Hi all, Using high/low volatility scanner I found out that UAL has extremely low implied volatility (IV), as can be seen on the chart (box and whisker are for the year of data). I am assuming that IV will go up soon, and was hoping to exploit that by buying options while they are cheap (and if IV is low it means they are cheap) and selling them when IV goes up and they are more expensive. Now comes the question - what options should I buy? Since vega has the biggest impact on ATM options with shorter expiration, I was thinking about buying ATM option with expiration in about 2 or 3 months - I am hoping it will be enough time for IV to go up before theta eats my price. Finally, I have to chose direction of underlying (up (call), down (put), or both (straddle) - I did not want to go into more complicated strategies). While stock has been growing in longer term, recently it was oscillating - I was thinking about buying straddle and betting it will just change in near future, or going with longer time trend of growth and buying call. I am still learning so I did a paper money trade with this (I chose call for simplicity) -> I bought 62.5 call @ $1.88, exp at Dec 18. Not exactly ATM, but pretty close (spot price was $60.3). This is my first post and I am still learning about options, so please forgive me if I made some basic mistakes - I would like to hear your comments on my reasoning, so that I will be smarter the next time I find a similar trade!
You may also want to scan for stocks that not only have low IV but are trending or breaking out so you have a better directional bet.
Check out this SPY thread where you can buy very cheap OTM options for a vega play but still benefit when SPY uptrends. http://www.elitetrader.com/et/index.php?threads/thoughts-on-long-otm-spy-calls.295104/ It's best to use stocks with the highest option volume to minimize giving away money on the spread: http://research.investors.com/options-center/reports/option-volume
If you decided to play a spread, make sure you're buying your options ATM and selling the ones OTM....that way you're long the options that will jump the most should vol pop (ATM options will be more sensitive to vol than those OTM)
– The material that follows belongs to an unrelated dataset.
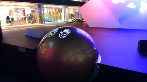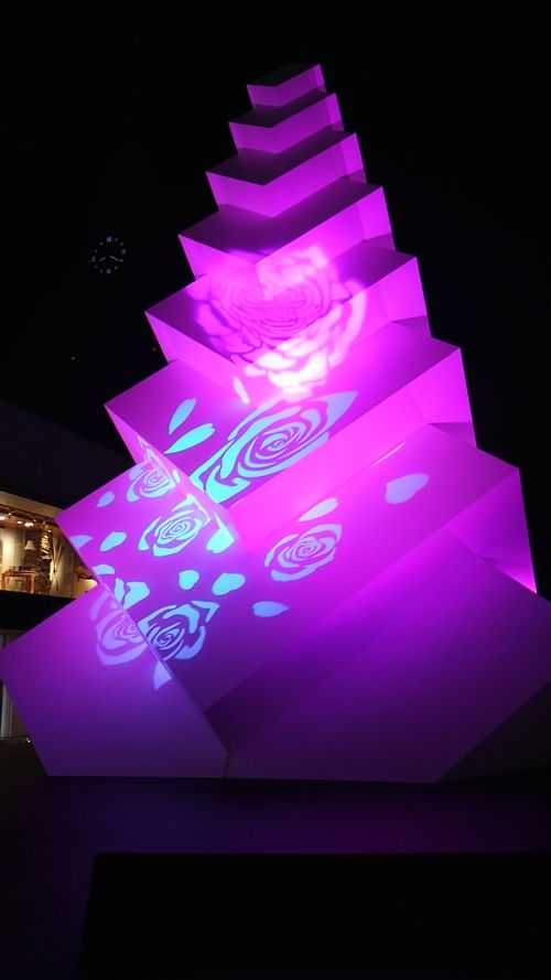 ツリーには仕掛けがしてあり「手のマークにふれてヒカリのパワーをもらおう」という企画で、ツリーの手前の巨大なボールに手をかざすと6種類の色に点灯してイラストが浮かび上がります。

@eesnz Thanks - no I have not been long UAL - I trade only paper money for now and focusing on options. @smile Thank you for advice, scanning for stocks where I can make a better directional bet sounds as a good advice, as I would have somewhat less uncertainty in that part of my trade. Do you have any advice for how could I scan for such stocks? Thanks for the idea with SPY - I checked out the thread and I see there are different opinions on the topic . I do not feel like I have knowledge to make my own judgement yet, but I will keep it in mind. @Victory5 Thanks, that is exactly what I mentioned - my first thought was let's buy something that is ATM so it is sensitive to changes in volatility! I am not going with spread, but with call. Why do you think it is important only in case of spread?
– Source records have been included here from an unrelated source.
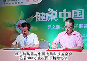 綠之韻集團(tuán)董事長(zhǎng)胡國(guó)安先生與中國(guó)光華科技基金會(huì)簽署300萬愛心圖書捐贈(zèng)戰(zhàn)略協(xié)議將精彩紛呈的發(fā)布會(huì)推向新的高潮,董事長(zhǎng)胡國(guó)安先生承諾將開展“綠之韻愛心圖書館工程”,計(jì)劃用三年時(shí)間,以“綠韻圓夢(mèng)?書香助學(xué)”主題公益活動(dòng)為契機(jī),為湖南、黑龍江等省捐贈(zèng)20所愛心圖書館。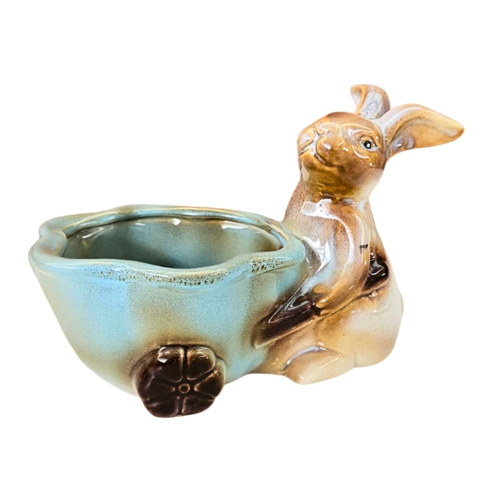 Com acabamento esmaltado na cor azul e detalhe de cesta integrada ao design, o coelho agrega charme e sofisticação à decoração. Pode ser utilizado como item ornamental ou como suporte para pequenos objetos decorativos.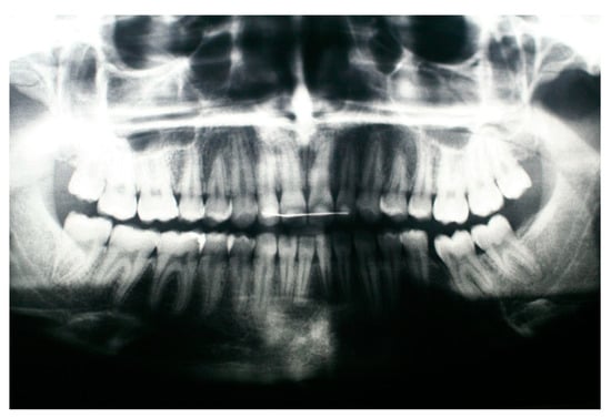 - Andreasen, J.O.; Petersen, J.K.; Laskin, D.M. Textbook and Color Atlas of Tooth Impactions: Diagnosis, Treatment, Prevention; Munksgaard: Copenhagen, Denmark, 1997. [Google Scholar]

Check out this VRX for good example of when NOT to buy calls. See how elevated the IV is compared to where it historically resides at about 0.3. If you buy calls now, the IV will eventually revert to a lower level and you will lose big money irregardless of the price action.
Of course IV is "elevated," because realized vol is crazy high right now. That doesn't make options necessarily a bad buy. It just reflects market reality.